For instance, assume team A and team B played against each other four times in the preceding year – our training period. In three of these matches, A won, and in the remaining match B won. In this case, there will be two reciprocal edges. The $A \rightarrow B$ edge will have weight three, while the $A \leftarrow B$ edge will have weight one. Figure 2 shows one of the networks used for prediction.

Once the network is built, we use the PageRank algorithm [47] to create the training scores. In such a setup, PageRank will give the highest centrality to the nodes that are pointed to the most. The algorithm will take into account the weights for this calculation. Finally, to predict the outcome of the match, the model will consider the difference between the home team’s PageRank score minus the away team’s score.

Elo. The Elo system is a popular way of ranking players and teams in competitions [48]. It was originally developed to rank chess players. In this paper, we use a development of Elo called Trueskill [49, 50]. Trueskill is a generalization of Elo that can handle teams with more than two players facing each other. However, Trueskill follows the same general principles of Elo which we outline here.

Each time a new player/team appears in the competition, they are awarded the same initial score. Then, following the results of each match, the scores of both players/teams are updated. The winner gains a certain amount of points which depends on the difference in scores they originally had with their opponent. For instance, if the winner had a lower score than the opponent they defeated, they gain a large amount of points – and the defeated opponent loses a large amount of points as a result.

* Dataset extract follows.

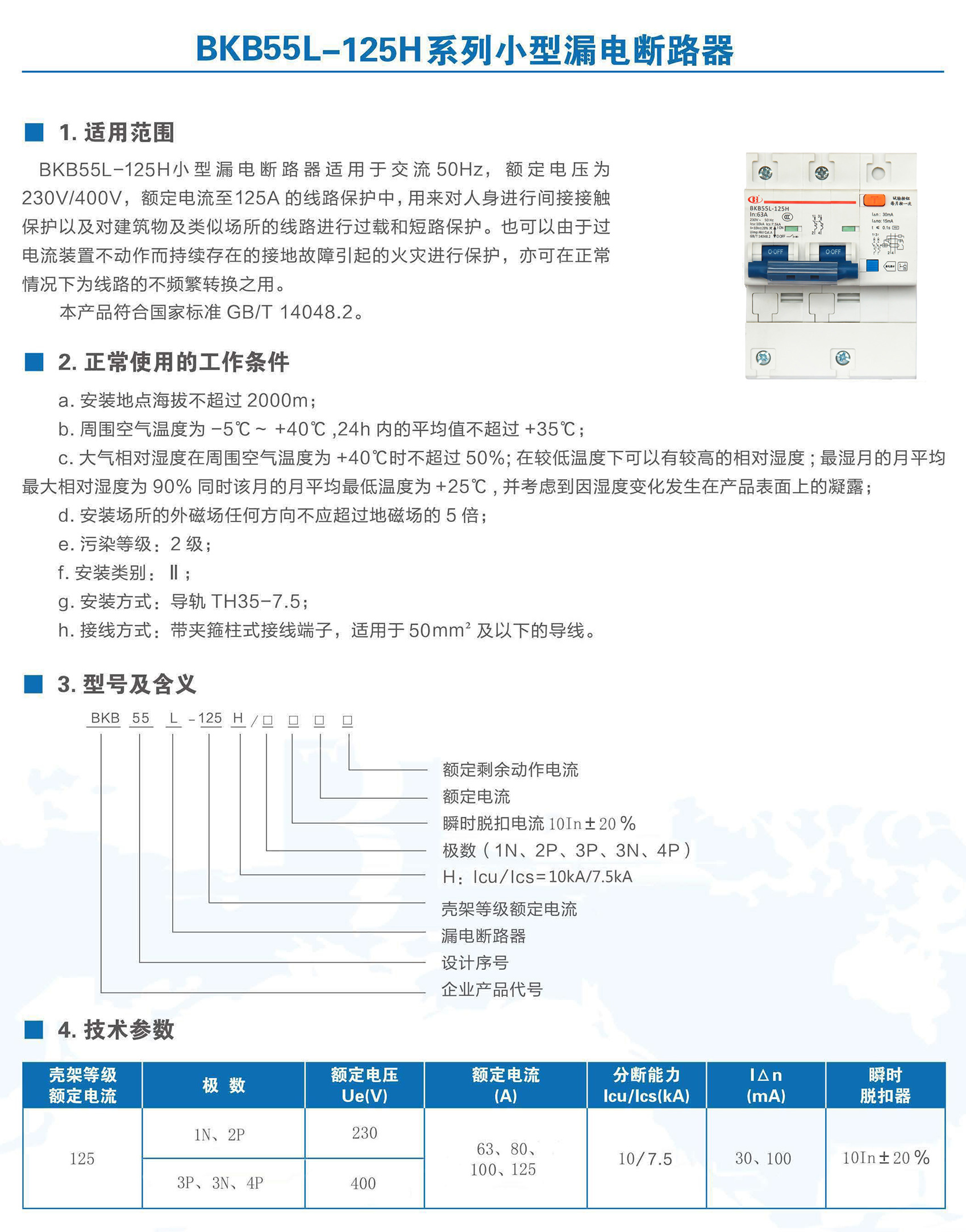 BKB55L-125H系列带剩余电流保护小型断路器适用于交流50Hz、额定电压至400V,额定电流63~125A 的线路中。作为人身触电和设备漏电保护之用,并可用于线路和电气设备的过载以及短路保护。在正常情况下亦可用于不频繁的通断操作。本产品符合GB/T 14048.2、IEC 60947-2标准。

In practice each match outcome in the Elo system represents new data with which the system can update its priors about the skill levels of the two competitors. Every time we need to predict the outcome of a match, we take the difference between the Elo score of the home team minus the score of the away team as our prediction feature. Note that, since step #1 is the same for all features, we use exclusively the previous year’s results to calculate the Elo scores. We keep step #1 fixed to make this predictor fair – Elo cannot use more information than the PageRank predictor, even though with more historic data it would provide more accurate predictions. This increase in predictability, however, would not be a feature of the discipline – the thing we are interested in studying here – but a mere artifact of using more data.

Naive. Both PageRank and Elo are relatively sophisticated ways of ranking teams. While neither is particular complex, we can introduce a naive ranking system that is the simplest way we can use to predict the outcome of a match. We do this to provide a simple alternative that can be easily understood, to avoid a situation in which the results may be ascribed to the complexity of the predictor.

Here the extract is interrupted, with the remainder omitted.